Sulawesi yellow bat
- Conservation status: Data Deficient (IUCN 3.1)

Scientific classification
- Kingdom: Animalia
- Phylum: Chordata
- Class: Mammalia
- Order: Chiroptera
- Family: Vespertilionidae
- Genus: Scotophilus
- Species: S. celebensis
- Binomial name: Scotophilus celebensis (Sody, 1928)
- Synonyms: Pachyotis temmincki celebensis

= Sulawesi yellow bat =

- Genus: Scotophilus
- Species: celebensis
- Authority: (Sody, 1928)
- Conservation status: DD
- Synonyms: Pachyotis temmincki celebensis

Species of bat

The Sulawesi yellow bat (Scotophilus celebensis) is a species of vesper bat.
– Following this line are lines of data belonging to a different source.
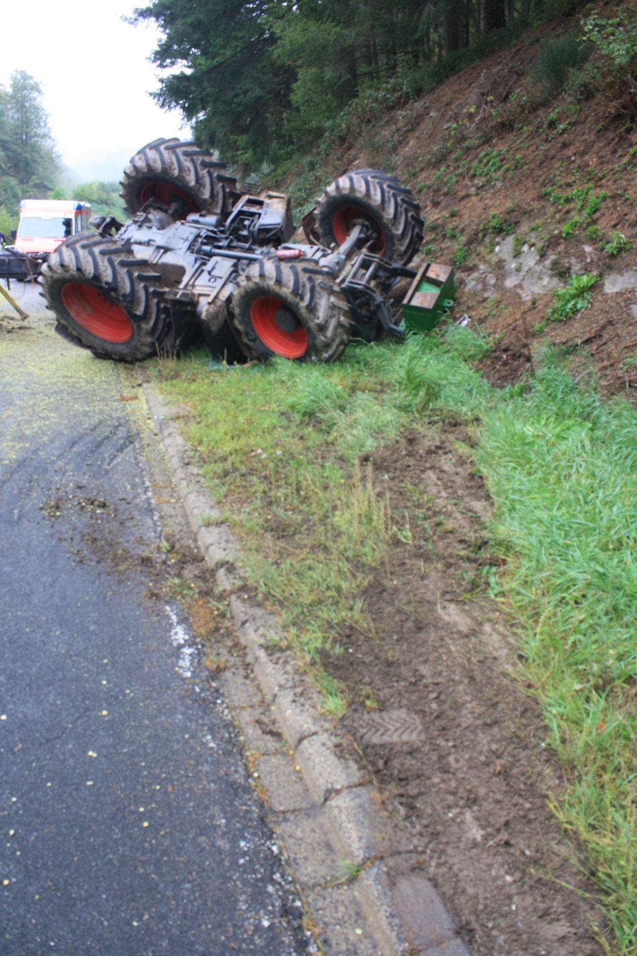 Verunfallte landwirtschaftliche Zugmaschine.
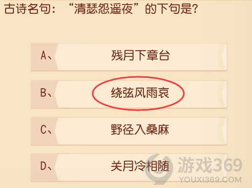 古诗名句清瑟怨遥夜的下句是?梦幻西游三维版科举答题中问了这样一个问题,小黑游戏为大家带来正确答案,还不清楚的小伙伴们一起来看看吧~
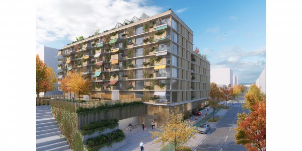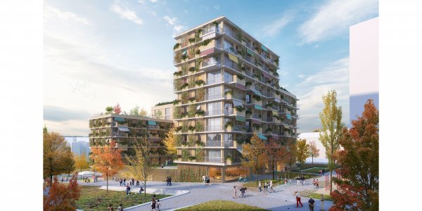 Die Geländekante wird mit der Scholle aus Gewerbeflächen und Wohnserviceräumen als aktive und attraktive Sockelzone ausformuliert.
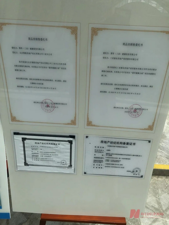 根据展示的商品房销售委托书,2020年10月25日及26日,国寿三亚分别与上述两家房产经纪公司签订代理销售协议,两家公司作为联合销售代理机构,负责“国寿健康公园”项目的销售代理工作。委托范围为低层联排酒店、多层酒店及酒店主楼剩余的全部房源。
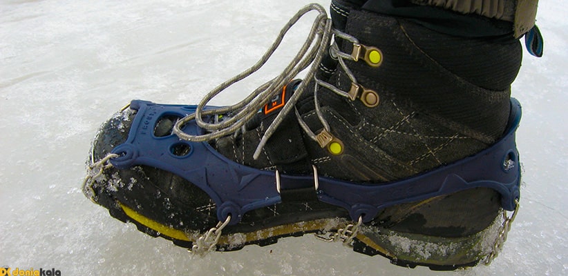 کفشهای کوهنوردی غالبا به شکلی طراحی شدهاند که با کرامپون قابل استفاده باشند و برای این کار، حاشیهها به سمت انگشتان و پاشنه قالبریزی شدهاند که جای خوبی برای اتصال کرامپونها ایجاد میکند. سفتی کفش، دقت کرامپون را بالا میبرد و به فرد اجازه میدهد در شرایط دشوارتر و شیبهای زیاد نیز گام بردارد.
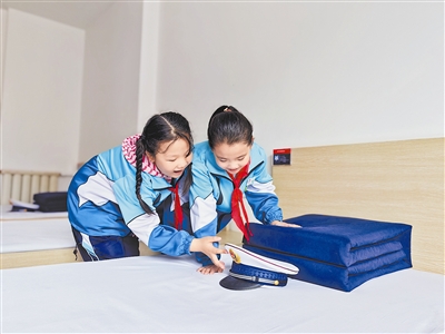 学生现场观摩体验了各类消防器材、消防车辆的用途和使用方法,观看了消防员绳索攀爬登高项目以及寝室内务整理等。
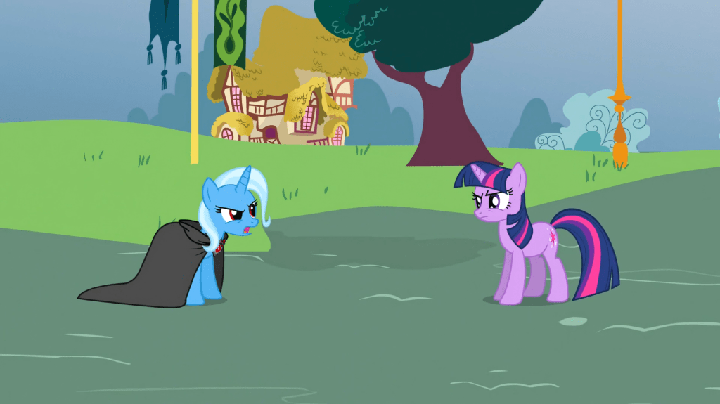 Twilight Sparkle loses the duel and is forced out of Ponyville, with Trixie even surrounding the city with a protective dome. Twilight can tell there’s something strange about Trixie, which is interesting because she only met Trixie once before. I guess Trixie really left a lasting impression on her, huh? When two characters in a show have a petty rivalry, one of which is a main character and the other a recurring character, chances are that the recurring character knows exactly how to get under the main character’s skin, and that the recurring character insists the main character is deep down obsessed with them.

It is found only in Indonesia.

==Taaxonomy==
The Sulawesi yellow bat was described by Dutch mammalogist Henry Jacob Victor Sody in 1928. He placed it in the now-defunct genus Pachyotis as a subspecies of Pachyotis temmincki, which is now recognized as a synonymm for Scotophilus kuhlii (Lesser Asiatic yellow bat). The holotype had been collected in Sulawesi.

Later authors have argued that Scotophilus celebensis is synonymous with Scotophilus heathii, the Greater Asiatic yellow bat.

==Range and habitat==
The Sulawesi yellow bat is endemic to Indonesia, where it is only known from the island of Sulawesi. It likely uses forest habitat, and may roost in houses during the day.